**WORK TASK:** Print the data that follows exactly as it stands, from its first line through the line containing "DOOR 9 収録作品", and stop there.
BEGIN DATA TO USE
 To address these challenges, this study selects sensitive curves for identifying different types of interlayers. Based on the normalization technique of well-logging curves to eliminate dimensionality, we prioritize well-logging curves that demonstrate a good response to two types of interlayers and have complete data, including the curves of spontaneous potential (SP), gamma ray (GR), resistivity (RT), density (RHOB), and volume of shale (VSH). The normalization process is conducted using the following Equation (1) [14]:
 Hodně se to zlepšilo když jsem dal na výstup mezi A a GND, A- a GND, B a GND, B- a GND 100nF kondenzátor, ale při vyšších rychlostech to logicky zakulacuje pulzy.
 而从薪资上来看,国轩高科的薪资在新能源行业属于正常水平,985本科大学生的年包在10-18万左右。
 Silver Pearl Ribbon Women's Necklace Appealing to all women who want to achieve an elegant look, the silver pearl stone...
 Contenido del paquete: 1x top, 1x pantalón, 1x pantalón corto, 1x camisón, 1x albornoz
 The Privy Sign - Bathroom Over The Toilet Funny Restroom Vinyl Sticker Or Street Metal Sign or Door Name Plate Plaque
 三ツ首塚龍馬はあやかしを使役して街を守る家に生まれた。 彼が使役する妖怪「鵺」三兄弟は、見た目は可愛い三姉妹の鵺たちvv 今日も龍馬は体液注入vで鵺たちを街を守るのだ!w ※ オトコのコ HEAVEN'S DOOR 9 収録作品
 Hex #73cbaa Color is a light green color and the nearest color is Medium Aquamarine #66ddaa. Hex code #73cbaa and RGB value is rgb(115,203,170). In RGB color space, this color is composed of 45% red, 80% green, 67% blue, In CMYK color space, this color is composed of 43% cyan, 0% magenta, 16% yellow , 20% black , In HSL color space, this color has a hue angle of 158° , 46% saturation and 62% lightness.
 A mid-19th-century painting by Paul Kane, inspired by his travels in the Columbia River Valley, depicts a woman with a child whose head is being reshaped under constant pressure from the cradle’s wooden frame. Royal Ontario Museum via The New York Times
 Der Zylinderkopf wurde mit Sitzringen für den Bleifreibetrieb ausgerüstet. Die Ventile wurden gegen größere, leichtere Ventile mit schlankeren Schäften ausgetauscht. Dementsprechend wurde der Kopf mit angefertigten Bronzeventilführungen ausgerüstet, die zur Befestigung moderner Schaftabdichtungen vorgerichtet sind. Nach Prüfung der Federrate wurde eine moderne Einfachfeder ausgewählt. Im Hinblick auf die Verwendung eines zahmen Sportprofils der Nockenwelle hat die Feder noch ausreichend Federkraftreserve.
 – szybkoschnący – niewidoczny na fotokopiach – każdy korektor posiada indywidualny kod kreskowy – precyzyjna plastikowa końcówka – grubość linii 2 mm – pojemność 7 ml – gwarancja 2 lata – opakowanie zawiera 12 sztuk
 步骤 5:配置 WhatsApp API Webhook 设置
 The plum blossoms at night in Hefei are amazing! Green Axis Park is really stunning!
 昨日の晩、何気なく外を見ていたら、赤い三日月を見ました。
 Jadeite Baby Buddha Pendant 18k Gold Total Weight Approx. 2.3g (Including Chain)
END DATA TO USE
**YOUR RESPONSE:**
 To address these challenges, this study selects sensitive curves for identifying different types of interlayers. Based on the normalization technique of well-logging curves to eliminate dimensionality, we prioritize well-logging curves that demonstrate a good response to two types of interlayers and have complete data, including the curves of spontaneous potential (SP), gamma ray (GR), resistivity (RT), density (RHOB), and volume of shale (VSH). The normalization process is conducted using the following Equation (1) [14]:
 Hodně se to zlepšilo když jsem dal na výstup mezi A a GND, A- a GND, B a GND, B- a GND 100nF kondenzátor, ale při vyšších rychlostech to logicky zakulacuje pulzy.
 而从薪资上来看,国轩高科的薪资在新能源行业属于正常水平,985本科大学生的年包在10-18万左右。
 Silver Pearl Ribbon Women's Necklace Appealing to all women who want to achieve an elegant look, the silver pearl stone...
 Contenido del paquete: 1x top, 1x pantalón, 1x pantalón corto, 1x camisón, 1x albornoz
 The Privy Sign - Bathroom Over The Toilet Funny Restroom Vinyl Sticker Or Street Metal Sign or Door Name Plate Plaque
 三ツ首塚龍馬はあやかしを使役して街を守る家に生まれた。 彼が使役する妖怪「鵺」三兄弟は、見た目は可愛い三姉妹の鵺たちvv 今日も龍馬は体液注入vで鵺たちを街を守るのだ!w ※ オトコのコ HEAVEN'S DOOR 9 収録作品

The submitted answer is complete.